Find log_{a}(4)^{3}.

log_{a}(4)^{3} = 3log_{a}4.

**Additional Rule 1: log _{a}(1/x)= -log_{a}x**

*Proof:*

log_{a}(1/x) = log_{a}(1) - log_{a}(x)

= 0 - log_{a}(x)

- log_{a}(x).

**E.g.**

Express log_{a}(1/4) in an alternate form.

log_{a}(1/4) = -log_{a}4.

**Additional Rule 2: log _{b}(x)= log_{a}x/log_{a}b**

*Proof:*

Let log_{b}(x) = k

b^{k} = x

Taking log to the base *a* on both sides,

log_{a}(b^{k}) = log_{a}(x)

k log_{a}(b) = log_{a}(x)

k = log_{a}(x)/log_{a}(b)

log_{b}(x) = log_{a}(x)/log_{a}(b).

**E.g.**

Find log_{4}(8) as a logarithm of the base 2.

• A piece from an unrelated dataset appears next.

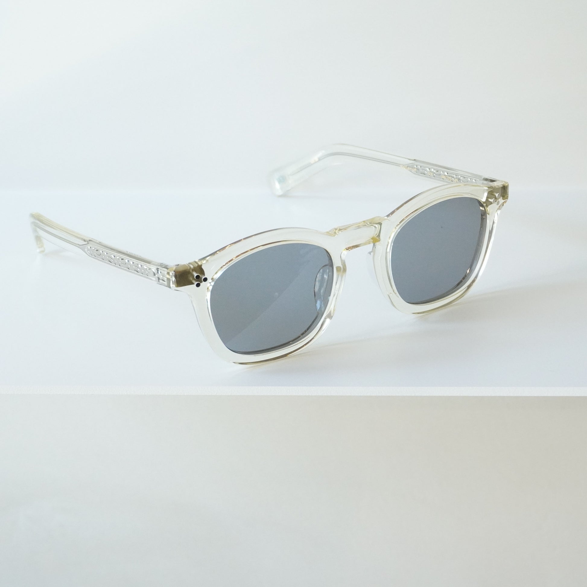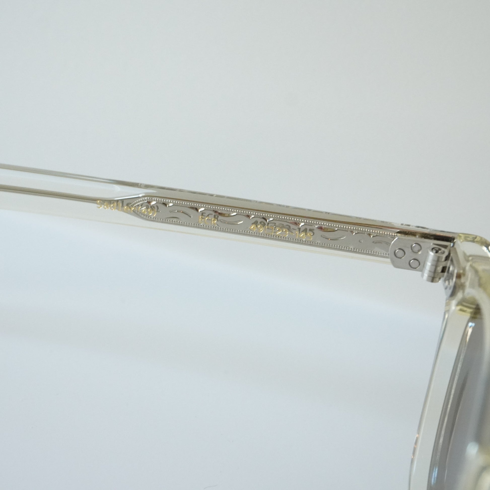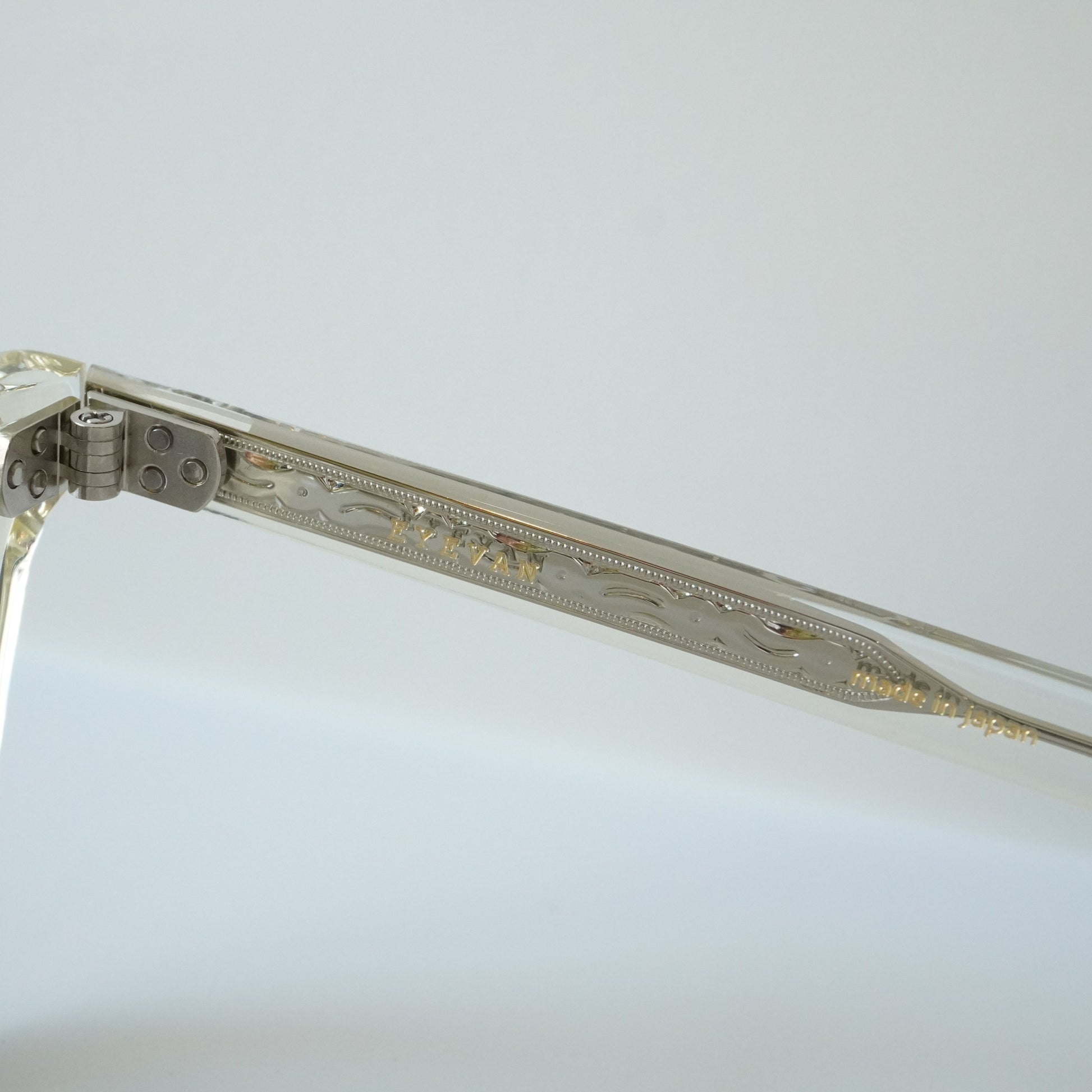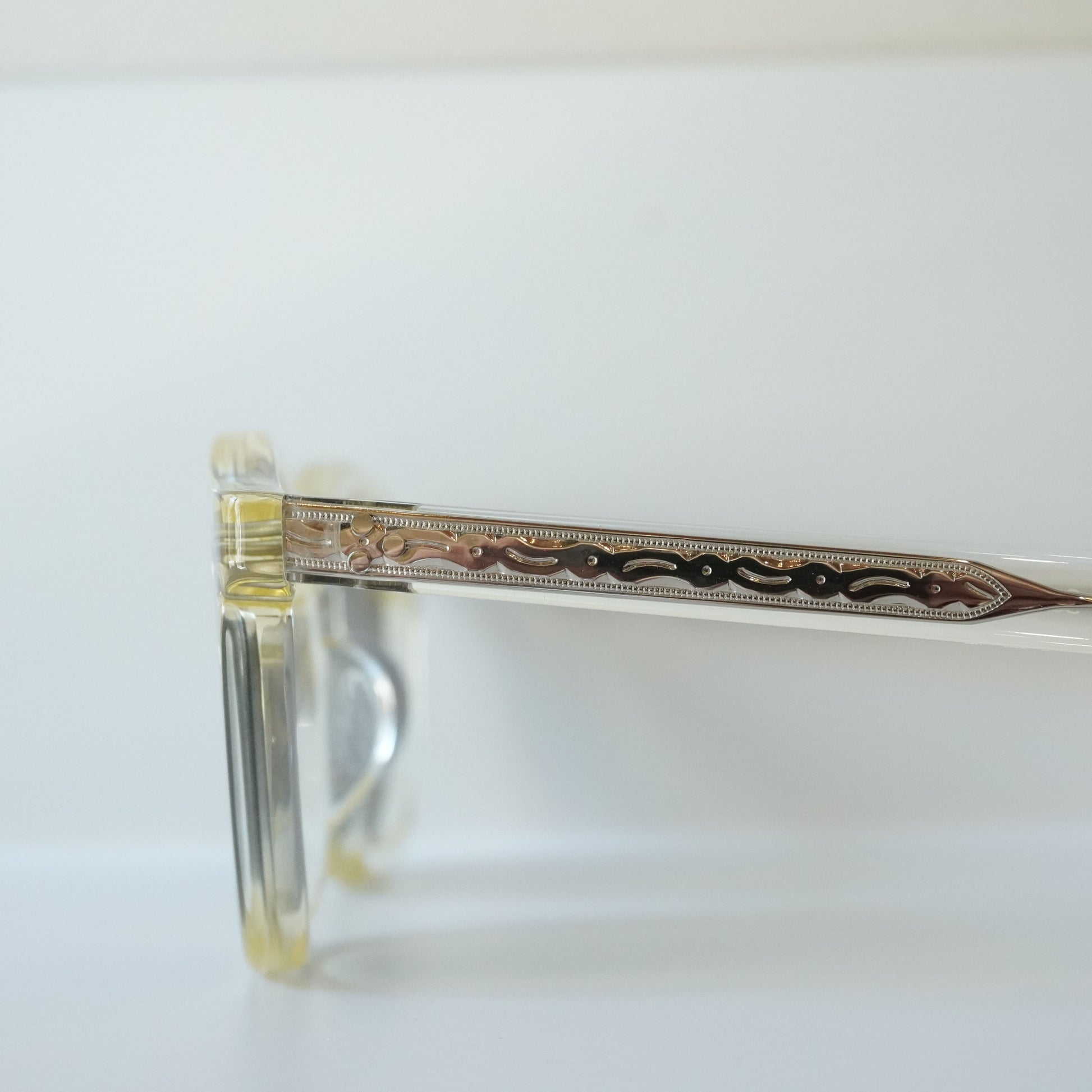 フレンチヴィンテージから着想を得た、エッヂのある肉厚なフロントと極太なワイドテンプルをEYEVAN流にデザインしたモデル。フロント、テンプル丁番には、工場に眠っていたヴィンテージのサンプルに使われていた三角形の台座の丁番をEYEVANオリジナルで再現。カシメPINには90年代に使われていた抜けを防止する補強パーツを使用。シンプルながら細部にもこだわった。

log_{4}8 = log_{2}8/log_{2}4

Let x = log_{2}8 => 2^{x} = 8 => x = 3

Let y = log_{2}4 => 2^{y} = 4 => y = 2

log_{4}8 = 3/2

**Additional Rule 3: log _{x}(y)= 1/log_{y}x**

*Proof:*

From the additional rule 2,

log_{x}(y) = log_{y}(y)/log_{y}(x)

= 1/log_{y}(x).

**E.g.**

Express log_{4}(8) in an alternate form.

log_{4}(8) = 1/log_{8}4.

**Logarithms Problem Solving**

**E.g.1 **

Write log_{3}8 + log_{3}7 as a single logarithm.

log_{3}8 + log_{3}7 = log_{3}8X7

log_{3}56.

**E.g.2 **

Write log_{3}5 + log_{3}4 - log_{3}2 as a single logarithm.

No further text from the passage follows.